=== Exercise requirements ===
Every line in the data below from the one containing "Лидер польской сборной" down to the one containing "- размещение в", both included, must be retyped exactly; no other line is to appear.
....
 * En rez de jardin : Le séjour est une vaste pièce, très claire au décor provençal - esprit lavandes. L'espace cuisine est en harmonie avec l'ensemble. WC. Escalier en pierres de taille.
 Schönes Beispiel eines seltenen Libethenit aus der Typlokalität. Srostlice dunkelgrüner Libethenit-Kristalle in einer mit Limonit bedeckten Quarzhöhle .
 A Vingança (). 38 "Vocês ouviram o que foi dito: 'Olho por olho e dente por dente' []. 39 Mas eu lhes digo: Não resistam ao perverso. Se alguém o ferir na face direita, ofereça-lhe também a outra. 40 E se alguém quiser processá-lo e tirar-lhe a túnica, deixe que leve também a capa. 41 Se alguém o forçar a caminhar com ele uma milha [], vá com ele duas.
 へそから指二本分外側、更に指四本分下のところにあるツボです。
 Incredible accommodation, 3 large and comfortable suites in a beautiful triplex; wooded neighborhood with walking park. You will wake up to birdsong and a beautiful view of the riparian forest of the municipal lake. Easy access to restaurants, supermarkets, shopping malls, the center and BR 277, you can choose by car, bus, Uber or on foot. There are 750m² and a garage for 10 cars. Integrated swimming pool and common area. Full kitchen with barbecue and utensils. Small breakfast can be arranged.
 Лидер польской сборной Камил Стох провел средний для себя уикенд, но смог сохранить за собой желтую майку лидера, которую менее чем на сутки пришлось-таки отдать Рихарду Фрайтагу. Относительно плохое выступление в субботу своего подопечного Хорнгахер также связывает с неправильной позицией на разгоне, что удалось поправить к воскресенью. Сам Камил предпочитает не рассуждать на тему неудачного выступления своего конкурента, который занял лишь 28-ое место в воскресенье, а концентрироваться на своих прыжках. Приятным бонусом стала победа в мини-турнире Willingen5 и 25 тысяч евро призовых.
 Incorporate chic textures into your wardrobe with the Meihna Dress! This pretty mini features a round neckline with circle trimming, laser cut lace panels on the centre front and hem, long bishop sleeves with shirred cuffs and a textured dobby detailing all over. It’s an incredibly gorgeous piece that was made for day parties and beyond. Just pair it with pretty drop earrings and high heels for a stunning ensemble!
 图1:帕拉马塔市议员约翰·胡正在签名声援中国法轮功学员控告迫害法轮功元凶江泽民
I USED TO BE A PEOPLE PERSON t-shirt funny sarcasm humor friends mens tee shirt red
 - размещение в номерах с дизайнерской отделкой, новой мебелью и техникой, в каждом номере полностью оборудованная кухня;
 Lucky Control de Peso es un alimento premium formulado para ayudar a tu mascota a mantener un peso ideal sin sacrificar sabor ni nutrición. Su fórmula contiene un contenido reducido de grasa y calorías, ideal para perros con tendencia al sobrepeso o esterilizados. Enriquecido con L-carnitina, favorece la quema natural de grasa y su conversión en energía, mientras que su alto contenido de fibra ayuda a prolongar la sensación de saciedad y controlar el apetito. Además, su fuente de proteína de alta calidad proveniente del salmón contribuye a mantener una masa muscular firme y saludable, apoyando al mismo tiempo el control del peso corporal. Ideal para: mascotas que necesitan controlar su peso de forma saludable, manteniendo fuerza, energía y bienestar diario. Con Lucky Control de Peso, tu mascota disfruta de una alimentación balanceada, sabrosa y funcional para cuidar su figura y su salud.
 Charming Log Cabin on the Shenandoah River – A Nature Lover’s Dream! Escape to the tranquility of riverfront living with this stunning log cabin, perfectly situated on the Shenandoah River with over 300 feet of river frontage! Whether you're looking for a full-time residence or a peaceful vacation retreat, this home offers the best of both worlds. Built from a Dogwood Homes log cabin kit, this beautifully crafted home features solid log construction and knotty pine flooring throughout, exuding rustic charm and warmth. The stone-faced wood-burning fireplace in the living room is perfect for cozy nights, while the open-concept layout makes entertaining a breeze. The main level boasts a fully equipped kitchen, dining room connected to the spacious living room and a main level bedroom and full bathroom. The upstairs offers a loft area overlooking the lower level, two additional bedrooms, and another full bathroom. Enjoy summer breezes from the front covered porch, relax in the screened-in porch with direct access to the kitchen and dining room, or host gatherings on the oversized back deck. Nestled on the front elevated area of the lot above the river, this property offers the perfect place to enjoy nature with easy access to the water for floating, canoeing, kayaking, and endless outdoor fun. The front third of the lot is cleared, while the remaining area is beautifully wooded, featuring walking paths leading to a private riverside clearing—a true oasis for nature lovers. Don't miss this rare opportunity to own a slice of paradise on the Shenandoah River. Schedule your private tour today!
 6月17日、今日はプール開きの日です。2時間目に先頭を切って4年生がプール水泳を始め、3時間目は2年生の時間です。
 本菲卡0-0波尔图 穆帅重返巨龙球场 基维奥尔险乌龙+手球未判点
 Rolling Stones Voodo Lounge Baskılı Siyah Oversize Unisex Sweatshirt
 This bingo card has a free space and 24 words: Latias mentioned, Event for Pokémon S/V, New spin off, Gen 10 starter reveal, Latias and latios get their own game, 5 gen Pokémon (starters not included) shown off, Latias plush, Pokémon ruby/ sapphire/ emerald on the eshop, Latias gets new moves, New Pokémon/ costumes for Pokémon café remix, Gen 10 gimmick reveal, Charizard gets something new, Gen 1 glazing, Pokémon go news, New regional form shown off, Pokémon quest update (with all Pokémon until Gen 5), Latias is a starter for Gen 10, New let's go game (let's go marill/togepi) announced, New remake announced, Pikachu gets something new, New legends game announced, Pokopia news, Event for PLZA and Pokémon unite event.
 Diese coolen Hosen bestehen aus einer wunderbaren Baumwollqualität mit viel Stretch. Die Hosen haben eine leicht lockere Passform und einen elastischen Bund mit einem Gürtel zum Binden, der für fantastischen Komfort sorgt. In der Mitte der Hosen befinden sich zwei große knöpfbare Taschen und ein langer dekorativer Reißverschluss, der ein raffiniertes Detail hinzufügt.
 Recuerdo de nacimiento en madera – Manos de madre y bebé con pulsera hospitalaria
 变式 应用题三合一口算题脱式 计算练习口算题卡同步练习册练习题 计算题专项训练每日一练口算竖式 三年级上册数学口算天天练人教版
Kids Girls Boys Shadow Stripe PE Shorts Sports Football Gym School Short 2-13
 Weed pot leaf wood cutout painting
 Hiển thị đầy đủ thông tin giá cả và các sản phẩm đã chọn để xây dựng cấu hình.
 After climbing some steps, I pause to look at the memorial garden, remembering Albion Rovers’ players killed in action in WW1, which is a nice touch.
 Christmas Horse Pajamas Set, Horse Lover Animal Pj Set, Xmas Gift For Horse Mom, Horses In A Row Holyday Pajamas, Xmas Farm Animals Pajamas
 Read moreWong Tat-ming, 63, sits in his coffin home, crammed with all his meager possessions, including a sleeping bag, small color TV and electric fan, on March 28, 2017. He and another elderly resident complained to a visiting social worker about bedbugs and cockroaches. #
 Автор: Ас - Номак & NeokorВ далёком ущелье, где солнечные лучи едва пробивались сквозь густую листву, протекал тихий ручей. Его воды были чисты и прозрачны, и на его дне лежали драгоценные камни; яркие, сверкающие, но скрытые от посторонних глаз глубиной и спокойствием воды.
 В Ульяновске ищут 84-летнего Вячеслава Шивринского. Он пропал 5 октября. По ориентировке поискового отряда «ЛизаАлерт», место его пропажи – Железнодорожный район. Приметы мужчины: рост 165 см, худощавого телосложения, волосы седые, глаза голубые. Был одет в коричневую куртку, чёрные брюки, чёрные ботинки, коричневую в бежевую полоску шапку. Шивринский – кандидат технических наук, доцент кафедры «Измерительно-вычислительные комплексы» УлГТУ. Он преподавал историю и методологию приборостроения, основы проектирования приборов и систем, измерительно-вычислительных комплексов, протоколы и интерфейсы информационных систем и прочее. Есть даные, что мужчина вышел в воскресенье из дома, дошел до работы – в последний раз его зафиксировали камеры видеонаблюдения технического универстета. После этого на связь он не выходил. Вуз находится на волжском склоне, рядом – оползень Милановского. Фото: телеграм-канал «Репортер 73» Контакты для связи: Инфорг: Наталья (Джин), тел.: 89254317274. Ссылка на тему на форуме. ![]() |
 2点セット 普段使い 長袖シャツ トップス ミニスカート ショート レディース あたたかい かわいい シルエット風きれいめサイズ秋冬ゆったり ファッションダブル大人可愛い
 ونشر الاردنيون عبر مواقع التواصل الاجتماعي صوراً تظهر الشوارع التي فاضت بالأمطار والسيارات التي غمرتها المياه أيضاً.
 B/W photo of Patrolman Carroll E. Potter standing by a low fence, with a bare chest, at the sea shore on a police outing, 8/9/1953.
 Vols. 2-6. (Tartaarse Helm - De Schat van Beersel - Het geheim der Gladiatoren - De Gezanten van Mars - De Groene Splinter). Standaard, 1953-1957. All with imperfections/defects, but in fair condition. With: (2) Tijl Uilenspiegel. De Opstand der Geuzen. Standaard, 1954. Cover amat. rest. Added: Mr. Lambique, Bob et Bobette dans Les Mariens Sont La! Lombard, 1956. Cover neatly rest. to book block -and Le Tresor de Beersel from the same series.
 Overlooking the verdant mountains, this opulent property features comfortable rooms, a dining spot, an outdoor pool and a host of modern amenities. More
....
=== Task result ===
 Лидер польской сборной Камил Стох провел средний для себя уикенд, но смог сохранить за собой желтую майку лидера, которую менее чем на сутки пришлось-таки отдать Рихарду Фрайтагу. Относительно плохое выступление в субботу своего подопечного Хорнгахер также связывает с неправильной позицией на разгоне, что удалось поправить к воскресенью. Сам Камил предпочитает не рассуждать на тему неудачного выступления своего конкурента, который занял лишь 28-ое место в воскресенье, а концентрироваться на своих прыжках. Приятным бонусом стала победа в мини-турнире Willingen5 и 25 тысяч евро призовых.
 Incorporate chic textures into your wardrobe with the Meihna Dress! This pretty mini features a round neckline with circle trimming, laser cut lace panels on the centre front and hem, long bishop sleeves with shirred cuffs and a textured dobby detailing all over. It’s an incredibly gorgeous piece that was made for day parties and beyond. Just pair it with pretty drop earrings and high heels for a stunning ensemble!
 图1:帕拉马塔市议员约翰·胡正在签名声援中国法轮功学员控告迫害法轮功元凶江泽民
I USED TO BE A PEOPLE PERSON t-shirt funny sarcasm humor friends mens tee shirt red
 - размещение в номерах с дизайнерской отделкой, новой мебелью и техникой, в каждом номере полностью оборудованная кухня;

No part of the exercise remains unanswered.